# Sink Covers For 29fbhs



## Dark Green Dmax (Aug 2, 2005)

I think we got screwed







when we bought our new 29fbhs. We only have one sink cover(on the left side) But it looks like it's for a sightly different sink....ie it does not fit right & does not 100% follow the contour of the sink. How bout yours...do you have only one for the left side or do you have one for both sides of your sink? & how do yours fit? I have some friends who just bought a keystone challenger & they have both & they fit fine.


----------



## Castle Rock Outbackers (Jan 18, 2004)

First I would say that you are miles away from being screwed if the sink cover does not fit perfectly.

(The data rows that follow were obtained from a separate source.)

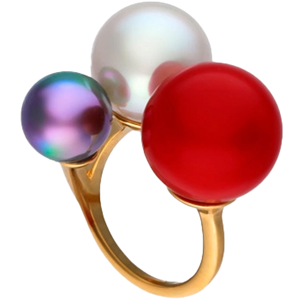 Описание Золотое кольцо женское с жемчугом Majorica Twins & triplets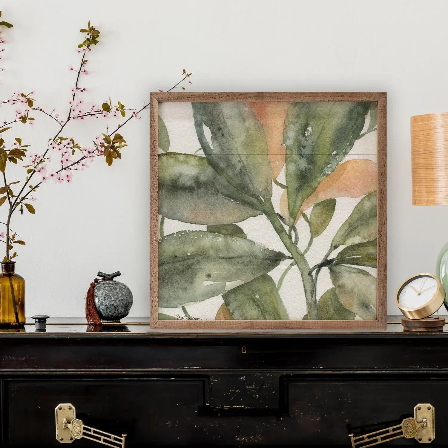This vintage style wood print, featuring a walnut wood frame with a beautiful watercolor plant painted in neutral and green hues on a shiplap background, is sure to provide beauty and farmhouse charm to any space.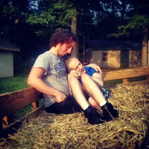 (20) The man on the left, Tully, is holding a 46-year-old, wheelchair bound man with severe mental handicaps.Tully picked him up so he could go on the hay ride with everyone else.
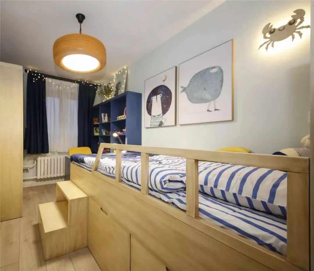 男孩房的配色就会比较简约一些,以原木风为主搭配蓝色调的设计,同样把床给抬高,底部空间被充分利用起来做收纳。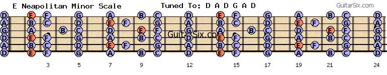 d-a-d-g-a-d e neapolitan minor scale for guitar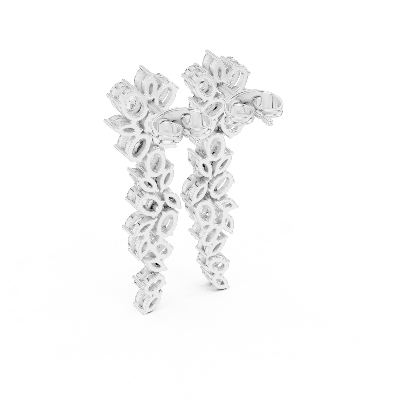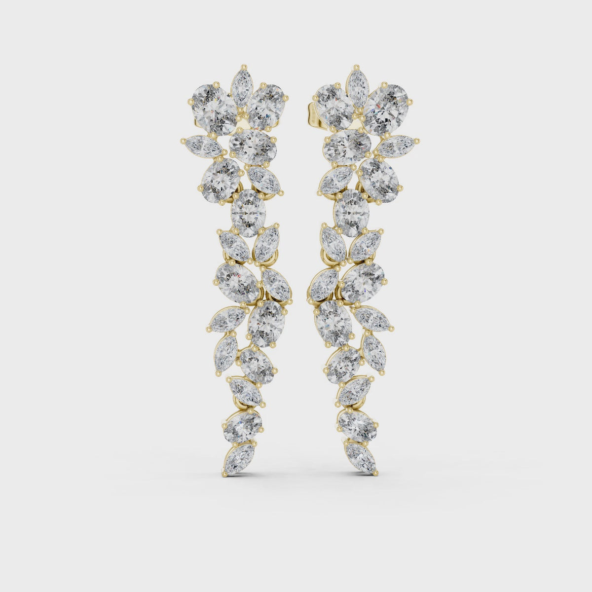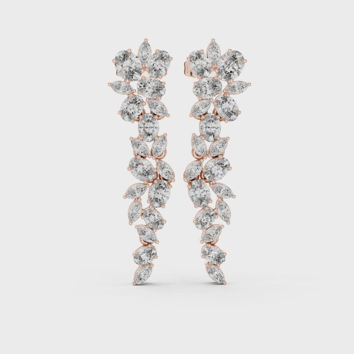 Inspired by timeless luxury, these exquisitely sculpted drop earrings showcase a graceful arrangement of marquise and oval diamonds, designed to create a soft cascading silhouette. Each stone is meticulously set using fine collet settings, ensuring brilliance from every angle.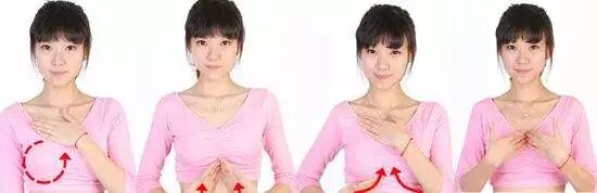 1、环形按摩:双手置于乳房的上、下方,以环形方向按摩整个乳房;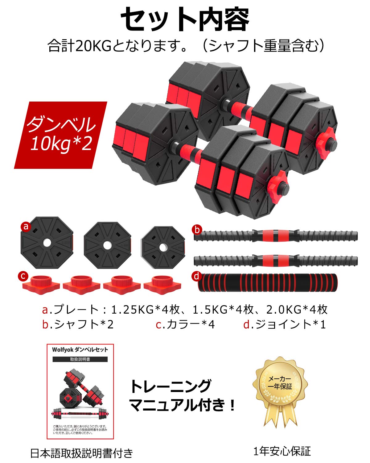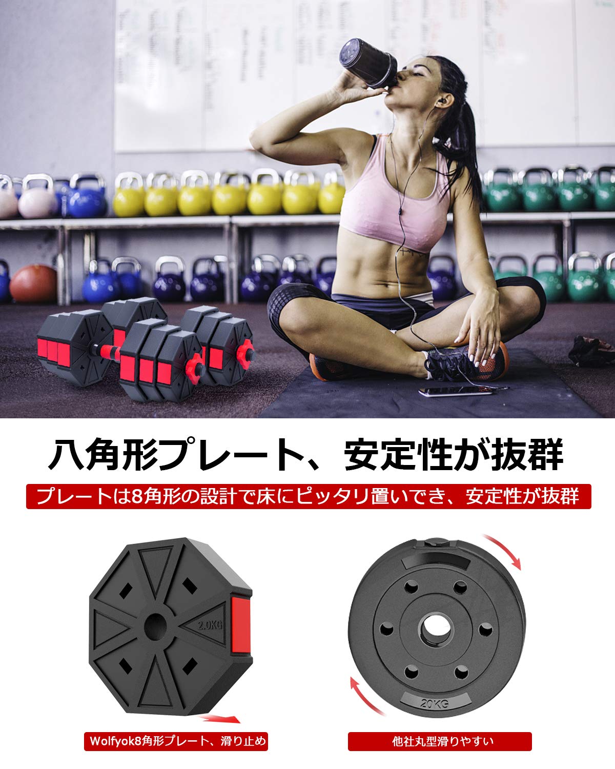 Mua ダンベル kg 可変式 八角形構造 最新進化版 3in1 バーベルに変更可能 kgセット 10kgx2 アレー 錆びない Wolfyok 筋トレ アレイ ウェイトトレーニング器具 ダイエット ポリエチレン製 超静音 床傷防止 一年安心保証 日本語取扱説明書 Tren Amazon Nhật Chinh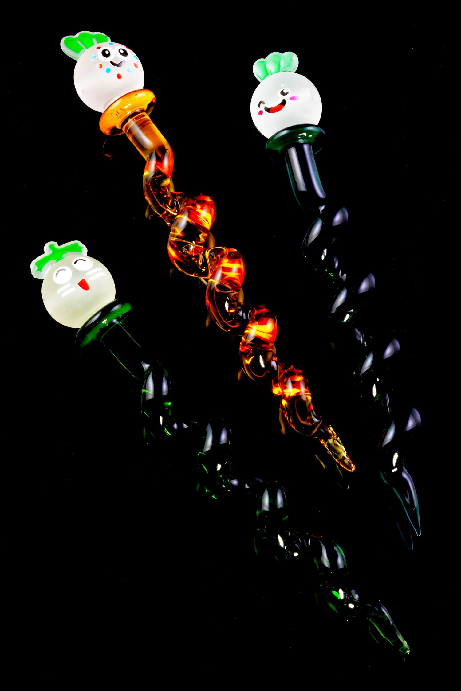 Level up your dab game with a tool that’s as cheerful as it is practical. This 6″ twisted glass dab tool features a happy little veggie-style face on top and a spiral stem that keeps sticky concentrates exactly where you want them.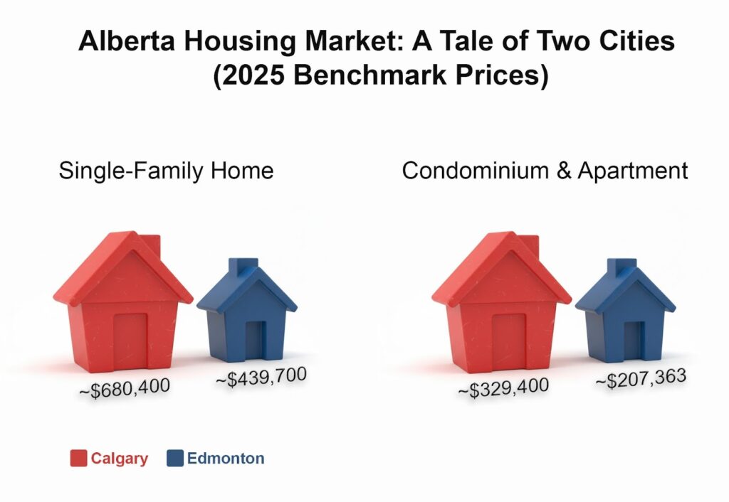 A: As of 2025, a benchmark single-family home in Edmonton is approximately $150,000 to $200,000 cheaper than in Calgary. A one-bedroom apartment is $250 to $400 cheaper per month.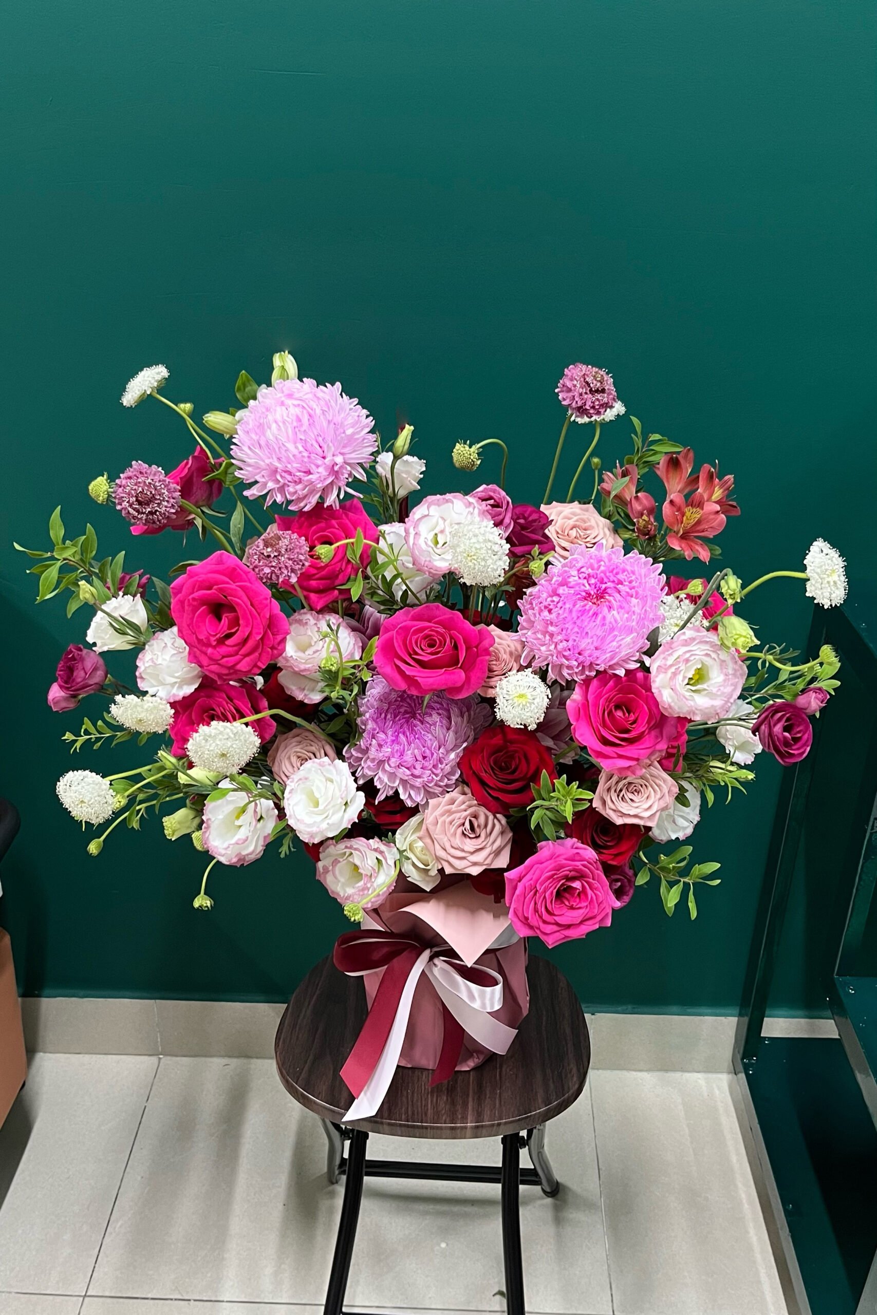 • Mỗi bông hoa như một dấu chân trên con đường ngập tràn sắc màu, tỏa hương thơm nhẹ nhàng và truyền cảm hứng. Bó hoa là biểu tượng của những khởi đầu tươi mới, niềm vui lan tỏa và sự thăng hoa trong cuộc sống — như một hành trình hoa nở rộ đầy kỳ diệu.

If it doesn't fit just notify your dealer. Honestly, we have never used our sink cover. Outbacks have good counter space already, and if you purchase a stove top cover (like we intend to) you are really set on counter space. Without the sink cover, your sink is kept open for hand-washing and quick rinsing of glasses.

Randy


----------



## RCColby (Oct 12, 2004)

Mine only came with one for the left (larger) sink also. It does not fit very good either, but all that I have seen were the same. We use it all the time, just put dirty dishes in the sink and cover up until the once a day dish washing.
BTW, I have a Dark Green D'Max also.
Bob


----------



## tdvffjohn (Mar 10, 2005)

Ditto, one cover and it needs to be reroutered to fit better. But, I do not use it so..........


----------



## huntr70 (Jul 8, 2005)

Same here...one on the left...unless you stow it somewhere, it is always on the floor when traveling.

Steve


----------



## California Jim (Dec 11, 2003)

Left side cover only and it fits fine. We use it all the time.


----------



## Dreamtimers (Mar 7, 2005)

Left side cover only, it fits so-so... We use it once in a while.

Dreamtimers


----------



## vdub (Jun 19, 2004)

I think it is a 5 problem -- they don't fit.


----------



## RAK (Aug 11, 2005)

Dark Green Dmax said:


> I think we got screwed
> 
> 
> 
> ...


Only one cover and fits ok.
RAK


----------



## Jay8256 (May 27, 2005)

Only received one cover... Made cover for stove with a formica top to give more usualble counter top space, plus it doubles as a movable work space/cutting board as it can be moved to the table, triples as a way to carry snacks and stuff out side to the picnic table.....
Brother in Law took a router and sander to his...fits perfect now, but he is a little anal retentive.......
Jim


----------